Figure 10 shows Raman spectra taken along the middle vertical, starting from a cell above the absorber’s center of deposition, down to the bottom of the library. Each spectrum in Figure 10 is marked by its vertical index, and is also correlated with the cell’s selected symbol according to Figure 9a. In Figure S3 in the Supporting Information all apparent Raman peak positions of CuO, Cu4O3, Cu2O,[42,84,85] and crystalline anatase TiO2[86,87] were marked on an additional representation of the same data, shown there with no offset between the spectra, and on a logarithmic intensity scale. From both Raman figures, the verticals that are eventually shown in Figure 10 were selected since they provided a unique indication for each of the four dominant marked materials, residing in the library, in locations that show minimum convolution into other peaks. That is, the verticals in Figure 10 cross only spectra that show a signal for the material they represent. Thus from both Raman figures one can conclude the following: (a) The presence of Cu2O along the vertical cross-section is clear. Even when the Cu2O signal diminishes, as the absorber layer gets thinner, its presence is clearly observed in the logarithmic representation. (b) The Cu4O3 and CuO (unlike the Cu2O) are only found in the first 7 and first 6 cells, respectively, counting from the topmost cell along the line. (c) The strongest signal of the CuO is in the center of deposition, spectra taken at 10 and 15 mm from the top, and the Cu2O seems to relatively decrease when the CuO and Cu4O3 increase. (d) The TiO2 signal diminishes as the absorber layer becomes thicker than the penetration depth of the Raman laser beam.

Figure 10

Raman spectra taken along a vertical line in the center of the library (column 7). The spectra are labeled by their vertical positions in the library (y), and with symbols (right side) that are taken from Figure 9a by their position, suggesting a correlation between composition and bandgap. The tags (CuO, Cu4O3, Cu2O, and TiO2) are unique Raman shifts for each of the materials. The lines cross only spectra that show a peak for a particular material, indicating the presence of Cu2O in all cells, CuO only in the center of deposition, Cu4O3 in a larger area around the center of deposition, and finally the disappearance of the underlying TiO2 underneath the thicker absorber layer. Refer to Figure S3 in the Supporting Information for a detailed representation of the Raman data.
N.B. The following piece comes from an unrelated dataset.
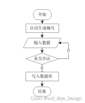 对于双端融合的教学过程管理系统小程序,需要随时添加所需要的数据信息,对于用户添加信息,需要根据添加界面,根据选框的内容进行填写所要添加的数据信息,信息输入完成后判断数据信息是否符合要求,符合要求则添加完成,用户所添加的信息不符合要求,则需要返回到第一步,重新输入数据信息,再进行判断操作,如图3-2所示。

The Raman results suggest that the absorber is a mixture of copper oxide compounds. Combined with the bandgap analysis, these results strengthen the observation that a qualitative compositional analysis, based on the Raman spectra, can be generalized to the groups in Figure 9. In other words, if the composition dictates the resulting observed bandgap, it can be assumed that the bandgap can represent the composition. This correlation is summarized in Table 2. Thus if we examine the groups again, we can conclude at this stage that cells resulting in a bandgap between 1.6 and 1.68 eV, with relatively low absorption coefficient values, are rich in the CuO phase, but still contain some Cu4O3 and Cu2O. On the other side of the library, cells with bandgap values between 2.38 and 2.57 eV, and with the highest absorption coefficient values, are composed almost entirely of a Cu2O phase. Between the two extremes there are three intermediate groups: one with no CuO and low presence of Cu4O3, with bandgaps ranging between 2.13 and 2.37 eV. Another, with no CuO and a higher presence of Cu4O3, and resulting bandgaps ranging between 2.04 and 2.12 eV. The last group, with a low presence of CuO, and a relatively high presence of the other two copper oxide compounds, have a resulting bandgap range between 1.69 and 2.03 eV.
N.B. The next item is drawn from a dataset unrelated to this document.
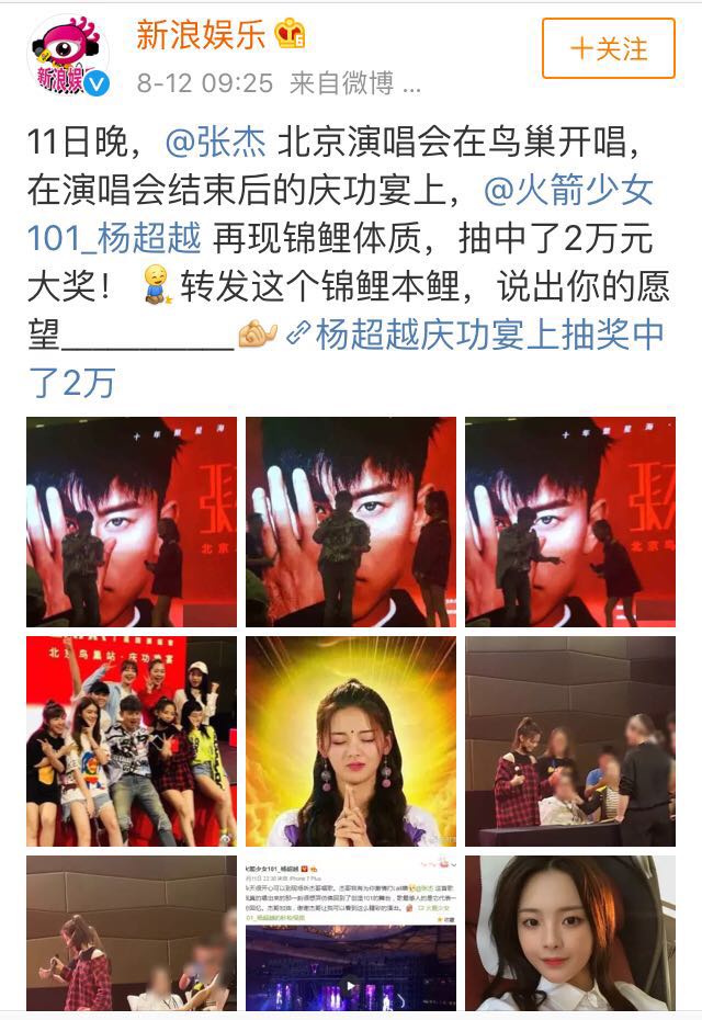 她在张杰的演唱会上抽奖又中了2万元……▼

The distinct regions that dominate the Jcalcd, Jsc, and IQE maps are dictated by the underlying thicknesses of the two active layers, the TiO2 and the Cu–O, and by the composition (and the resulting properties) of the last. It is highly informative to follow the thickness and composition contributions by plotting the maps as a function of these properties. Figure 11a–c shows three contour plots for the measured and calculated values presented in Figure 8, plotted as a function of the layers’ thicknesses. Due to multiple dimension representation issue, the composition is represented in a generalized way by the five groups’ symbols suggested above.

Figure 11

(a) Plot of maximum theoretical short circuit photocurrent (Jcalcd) as a function of TiO2 and Cu–O layer thicknesses. (b) Plot of short circuit photocurrent (Jsc) as a function of layer thicknesses. (c) Plot of calculated internal quantum efficiency (IQE) as a function of layer thicknesses. The symbols represent the bandgap/composition groups, showing that cells containing high levels of Cu4O3 (□ and Δ) have relatively enhanced IQE, whereas cells containing CuO have degraded IQE, and cells with Cu2O shows enhanced IQE only for specific cells.

Figure 11a clearly shows that Jcalcd increases mainly as a function of Cu–O thickness and slightly due to the light absorption of the TiO2, where the last argument is supported by the fact that the contour lines lean toward the right and are not parallel to the X-axis. The contour lines in Figure 11b, of the measured Jsc, show that the addition of Cu–O does tend to increase the photocurrent, but only to some extent. Figure 11c emphasizes the contrast between the two limits; some thin Cu–O cells show high IQE for cells with unnoticed measured Jsc and low Jcalcd, whereas cells calculated to show high Jcalcd had low Jsc and thus low IQE.

Discussion

The benefits of the IQE analysis are clearly depicted in Figure 8c and Figure 11c. A number of cells that show relatively low Jsc show relatively high IQE, correlated with the fact that less absorber was deposited in these regions. Overall, the IQE plots differ from the calculated and measured Jsc presented in Figure 8a and b or in Figure 11a and b, which makes these results a good example of the IQE method and how it can provide useful information about the materials and configurations used to fabricate the PV cells in the library. These findings call for a detailed examination of trends within the library which will follow below, but not before we discuss several other issues.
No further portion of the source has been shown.